Modifying the Flume-ng HDFs sink parsing timestamp source greatly improves write performance

Source: Internet
Author: User
Tags string format

Transferred from: http://www.cnblogs.com/lxf20061900/p/4014281.html

The pathname of the HDFs sink in Flume-ng (the corresponding parameter "Hdfs.path", which is not allowed to be empty) and the file prefix (corresponding to the parameter "Hdfs.fileprefix") support the regular parsing timestamp to automatically create the directory and file prefix by time.

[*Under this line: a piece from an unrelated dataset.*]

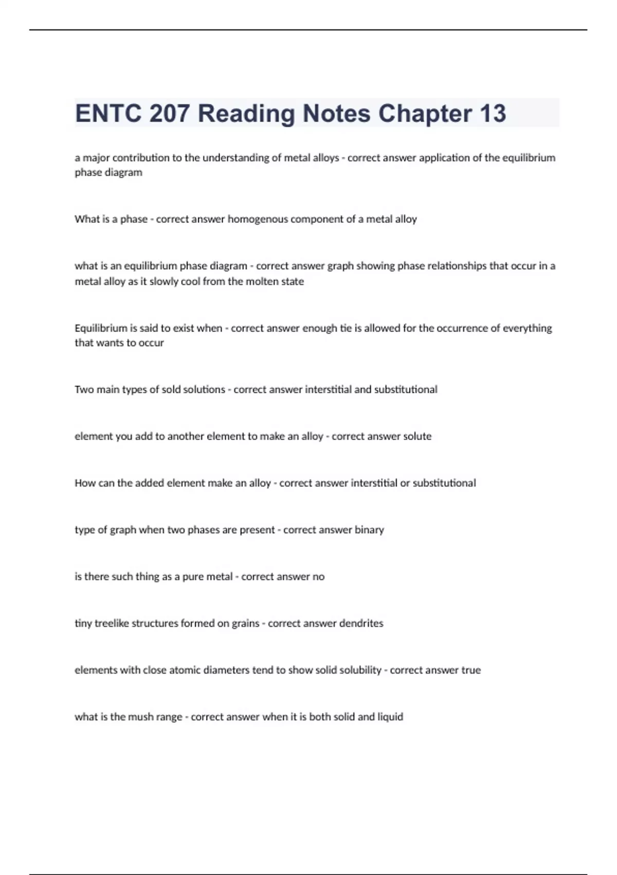 ENTC 207 Reading Notes Chapter 13a major contribution to the understanding of metal alloys - correct answer application of the equilibrium phase diagram What is a phase - correct answer homogenous component of a metal alloy what is an equilibrium phase diagram - correct answer graph showing phase relationships that occur in a metal alloy as it slowly cool from the molten state Equilibrium is said to exist when - correct answer enough tie is allowed for the occurrence of everything that wants to occur Two main types of sold solutions - correct answer interstitial and substitutional element you add to another element to make an alloy - correct answer solute How can the added element make an alloy - correct answer interstitial or substitutional type of graph when two phases are present - correct answer binary is there such thing as a pure metal - correct answer no tiny treelike structures formed on grains - correct answer dendrites elements with close atomic diameters tend to show solid solubility - correct answer true what is the mush range - correct answer when it is both solid and liquid what is a eutectic metal - correct answer easy melting alloy that has a single melting point composition of iron and carbon that coincides with the transformation from one type of solid to another type of solid - correct answer eutectoid point resulting structure of a eutectoid composition - correct answer pearlite What are inter metallic compounds - correct answer two metals that chemically combine to form a chemical compound with a definite ratio of one element to the other compound that forms in most steels - correct answer Fe3C aka iron carbide diagrams for alloys containing three major elements - correct answer ternary diagrams for alloys containing four major elements - correct answer quaternary what is a tie line/isotherm - correct answer a horizontal line going from a temperature to a point on the phase diagram what are phase relationship calculation - correct answer lever law calculations lever law calculations are an aid to the metallurgist in predicting - correct answer microstructures a steel is an alloy of carbon and iron when - correct answer carbon is within .06% and 2% What is ferrite - correct answer low carbon content BCC iron with carbon in solid solution What are the characteristics of ferrite - correct answer soft, ductile, magnetic What is austenite - correct answer high carbon content FCC iron with carbon in solid solution

In practice, it is found that the flume built-in parsing method is time-consuming and has great room for improvement. If you do not need to configure timestamp parsing time, then this article is not very useful to you, HDFs sink corresponding parsing timestamp code in the Org.apache.flume.sink.hdfs.HDFSEventSink process () method, Involves two lines of code:

// reconstruct the path name by substituting place holders2         String realpath = bucketpath.escapestring (file Path, Event.getheaders (),3             timeZone, needrounding, Roundunit, Roundvalue, uselocaltime); 4         String realname = bucketpath.escapestring (fileName, Event.getheaders (),5           timeZone, needrounding, Roundunit, Roundvalue, uselocaltime);

Where Realpath is the full pathname after the regular parse timestamp, the filepath parameter is "Hdfs.path" in the configuration file, Realname is the filename prefix after the regular parse timestamp, and the filename parameter is the " Hdfs.fileprefix ". The other parameters are the same, event.getheaders () is a map with a timestamp (can be set by interceptor, customizing, using the Uselocaltimestamp parameter of HDFs sink three ways), other parameters are time zone, Whether rounding and time units.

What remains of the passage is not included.